Vicious online posts, more than just ranting

Maya Amjadi/Staff Writer

All over the Web, people are posting snide or cruel blogs and responses to pictures and articles every minute of every day.

Seconds to get there, seconds to type an opinion, or what is meant to be an opinion, and a mere fraction of a second later to click the “send” button. For some, it has taken years to fulfill their sentence from what they posted on an Internet page.

Open up any article and go to where the comments are listed. If there isn’t anything hurtful or snide written there, go to the next article. It won’t take you long to find something that fits the description. The comments are often angry; typed before thinking whether they are even somewhat appropriate or not. Hurtful messages, trash talk, even defamation can easily be found.

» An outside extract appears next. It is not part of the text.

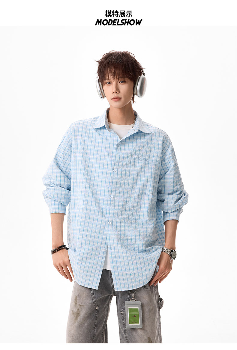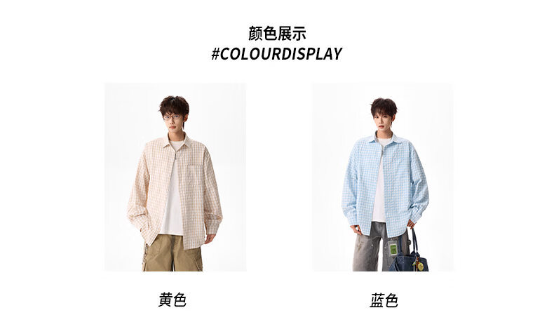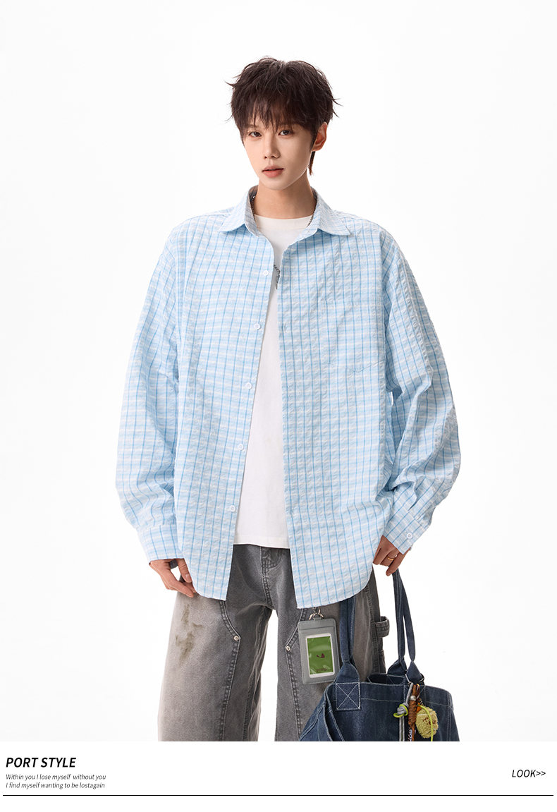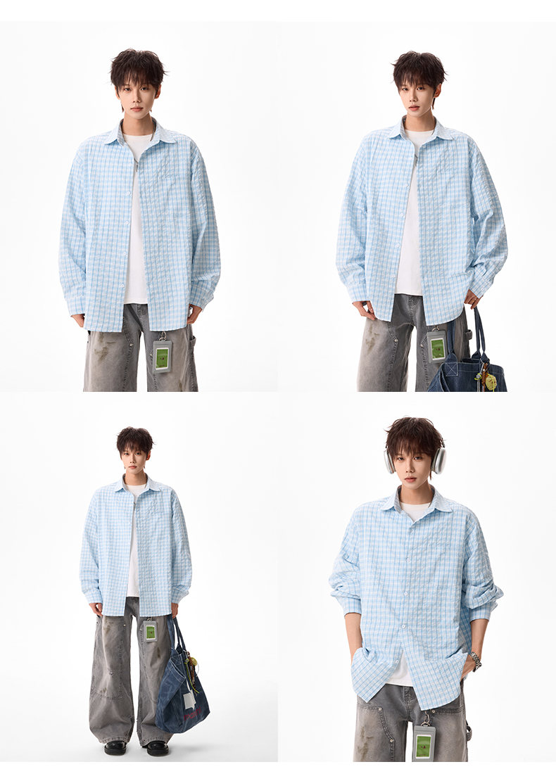 NEW OR MODE美式格纹撞色长袖衬衫男女春夏季潮牌宽松简约慵懒感大码衬衣外套 蓝色【高品质】 M 【建议90-110斤】

In America it may be easy to throw opinions out there because it is how we are taught. Voice your opinion. And the Freedom of Speech amendment to the Constitution supports and establishes this. Doesn’t it? Well the amendment does not include defamation, it never has.

Federal law states that websites are not to be held accountable for statements posted by outside viewers. What many people do not know, however, is that they can be forced to reveal the poster’s identity. A time when this would suffice would be when the post includes false information. Lies or accusations about people in the article could be thought of as just another way of expressing opinion, but federal law does not recognize it as such. Posting lies receives jail time. More and more instances like this have been occurring in the last few years. Court rulings are taken up when the content of the post is sued and judges are ruling that online poster’s do not have the right to remain anonymous.

Not only is it dumb, but harmful things have come from posting unwise, cruel, and false information on the Web. These include numerous hate crimes that have resulted in terrors including death.

It is clear that although we have the right of free speech, abusing this privilege is causing horrific problems across the country. Don’t contribute to the hate. To test whether you should post something or not ask yourself, “Would I say this to them in person? Would I say it to their face?” More often than not, you might just find deleting the message instead of sending it can be a lot safer and a lot less cruel.